Home Gartner Survey Reveals How the Cloud Is Changing IT Budgets

Gartner Survey Reveals How the Cloud Is Changing IT Budgets

Yesterday, we looked at the results from Zenoss’s 2010 Virtualization and Cloud Computing Survey, which noted in part, the growing popularity of virtualization solutions and cloud computing services.

The results are echoed in a recent Gartner survey that examines trends in IT expenditure. Gartner surveyed 1587 respondents from 40 countries in order to gauge spending trends. Of those participating in the survey, 484 answered more in-depth questions in regards to their plans for cloud computing.

39% of respondents worldwide said they were allocating IT budget to cloud computing. One-third of the spending on cloud computing is a continuation from the previous budget year, and a further third is new to the budget.

IT Increasingly Turning to External Service Providers

The survey indicates that cloud computing services from external service providers are estimated to comprise 10% of the spending on external IT services. 46% of respondents with budget allocated to cloud computing said they planned to increase the use of services from external providers. And according to Bob Igou, research director at Gartner, this marks “a shift toward the ‘utility’ approach for noncore services and increased investment in core functionality.”

More respondents expected an increase in spending for private cloud implementations for internal use (43%) than those that are for external or public use (32%). On a regional basis, Asia, Europe, North America, the Middle East and Africa spent between 40 to 50% of the cloud budget on services from external providers. Latin America was the exception, with a notably larger portion of budgets being spent on developing and implementing private cloud environments.

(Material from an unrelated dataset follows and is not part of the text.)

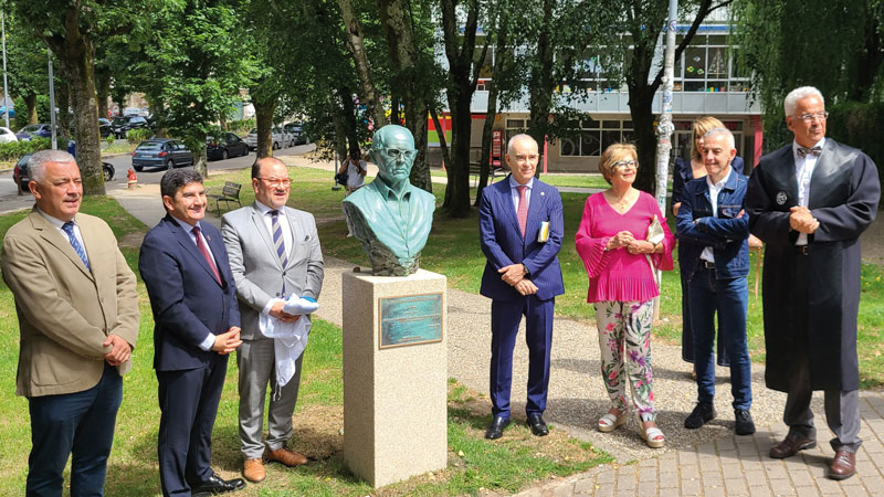 Antes de la celebración de la Asamblea de la Ixuga en la que se firmó el protocolo, los asistentes y representantes institucionales, entre los que se encontraban el delegado del Gobierno en Galicia, Pedro Blanco; el rector de la USC, Antonio López; y el secretario general de Política Lingüística de la Xunta, Valentín García; descubrieron el busto del notario Victorino Gutiérrez Aller, fallecido en 2024. Un homenaje a su labor en favor de la normalización de lengua, como pionero en el uso del gallego en su actividad notarial.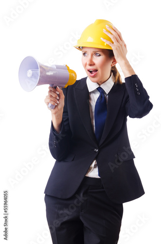 Fototapeta premium Female construction worker with loudspeaker

“Overall, these are healthy investment trends for cloud computing. This is yet another trend that indicates a shift in spending from traditional IT assets such as the data center assets and a move toward assets that are accessed in the cloud,” says Igou. “The trends are good news for IT services providers that have professional services geared to implementing cloud environments and those that deliver cloud services. It is bad news for technology providers and IT services firms that are not investing and gearing up to deliver these new services seeing an increased demand by buyers.”